Painted by Brazilian street artist Eduardo Kobra (b. 1975), it took over two weeks to paint it. The new mural covered over a big, yellow “Go Do Good” painting. The Stevens Building itself is a notable early skyscraper on the east side of State Street near its intersection with Washington Street. When it was built in 1912 by Daniel H. Burnham (1846-1912), it was one of the most modern business structures In Chicago and filled with retail shops. The Charles A. Stevens & Bros. building is nineteen stories above ground and three below,
The colorful portrait mural of Muddy Waters is part of a campaign to beautify the walls of some tall buildings in Chicago as well as to mark the significance of Black music in Chicago. Specifically, Eduardo Kobra’s mural is a tribute to the legacy of Muddy Waters in the Chicago blues music scene. Among Muddy Waters’ many titles and accolades, he may be perhaps best known as the “King of Chicago Blues.”
Growing up in Mississippi, Muddy Waters was first exposed to music at the local Baptist church. During World War II, when Muddy Waters was still in his 20’s, he moved from Mississippi to Chicago. He came to Chicago because he wanted to be a professional musician and Chicago since the 1920’s had been a center for jazz and blues music production.
In 1951 when Muddy Waters recorded his song “Still A Fool” at newly-founded Chess Records on the southside of Chicago, he started the next decade making several blues classics. In 1951, the Chess brothers, Leonard and Phil, both around Waters’ age, wanted the new blues musician to record using the new label’s professional musicians instead of Waters’ own band.

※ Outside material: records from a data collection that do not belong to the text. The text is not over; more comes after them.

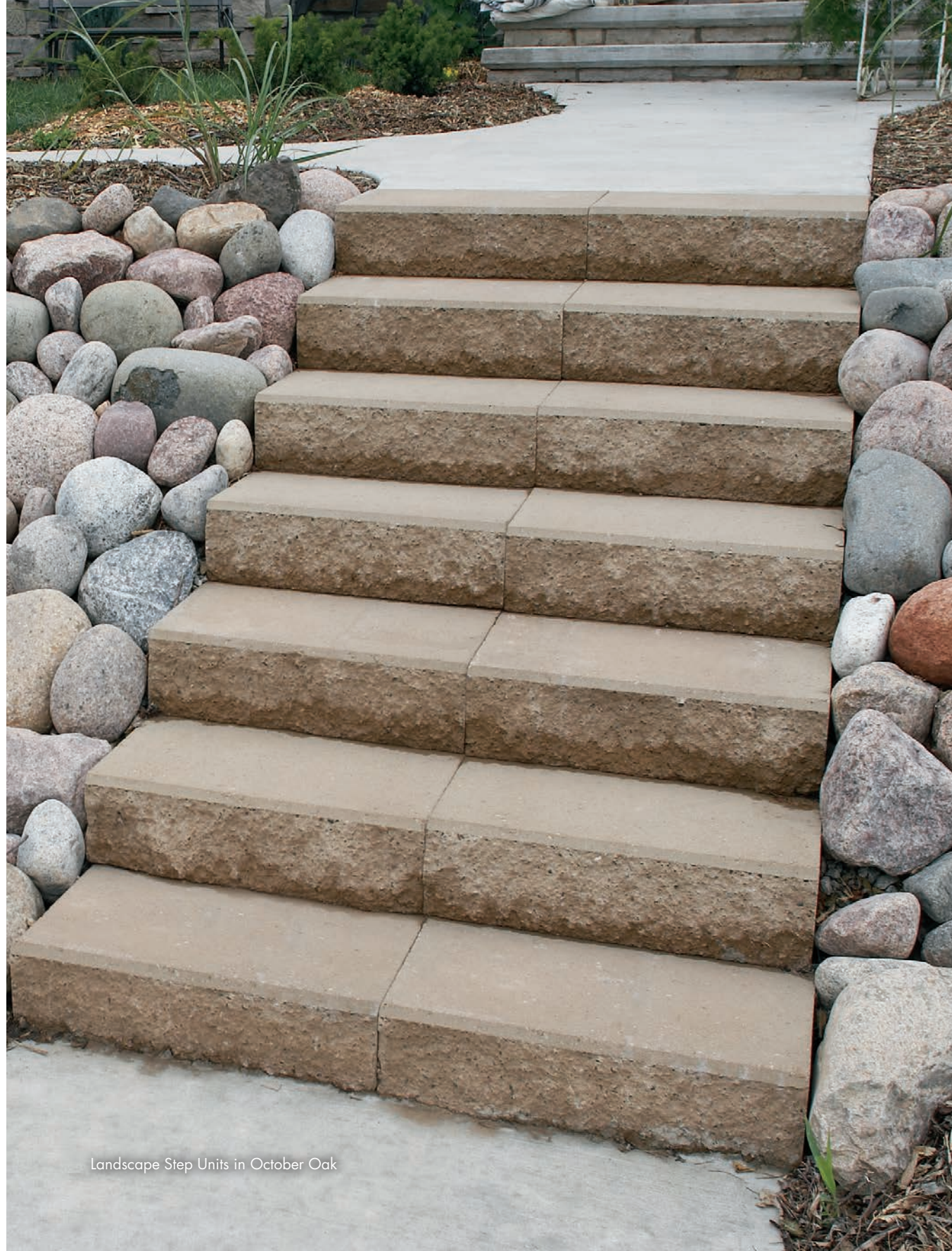
Landscape Step Units in October Oak
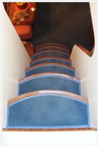
16_2000 74ft Baia MAGNIFICA
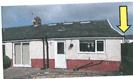
Figure 2: rear elevation
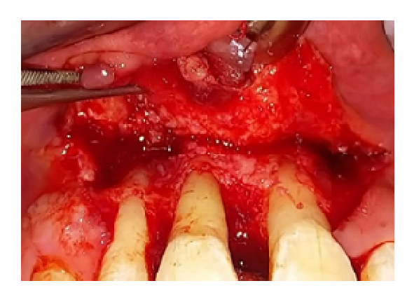
Fig 3. Full thickness flap elevated
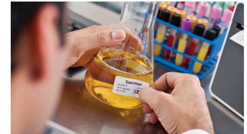
Ensure that patients' samples are clearly and correctly identified
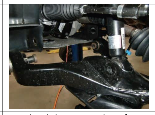
With jack, lower control arm from frame pockets.
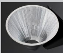
BARBARA D= 70 MM METALLIZED PC

CITIZEN CLL010 / CLL020 / CLL030 C12476_MIRELLA-50-S C12477_MIRELLA-50-M C12478_MIRELLA-50-W CN12483_MIRELLA-50-S-DL CN12484_MIRELLA-50-M-DL CN12485_MIRELLA-50-W-DL

By September 1953 Waters was recording with his own band which became one of the most acclaimed blues bands in history. It included Little Walter Jacobs (1930-1968), a Blues Hall of Fame and Rock and Roll Hall of Fame harmonica virtuoso; Jimmy Rogers (1924-1997), a Blues Hall of Fame musician on guitar who, with Little Walter and Muddy Waters, helped define the Chicago Blues sound; rural blues legend Elga Speed Edmonds (1909-1966) on drums; distinctive keyboard stylist and Blues Hall of Fame inductee Otis Spann (1930-1970) on piano—and, at times on bass, Willie Dixon (1915-1992), Grammy Award winner, and inductee in the Blues, Rock and Roll, and Songwriters Halls of Fame. The clarity of the clip of Muddy Waters’ electric guitar and his gravelly voice, deep and wide, were also distinctive features in a career that spanned 50 years and included 11 Grammy Award nominations with 6 wins.
In June 2017 at the dedication of the mural at the busy intersection of State and Washington Streets in the heart of downtown Chicago’s business/shopping districts, Muddy Waters’ family was in attendance. Of Muddy Waters’ legacy, born in Mississippi and living and working in Chicagoland since the 1940’s, Rolling Stone wrote: “With him the blues came up from the Delta and went electric.”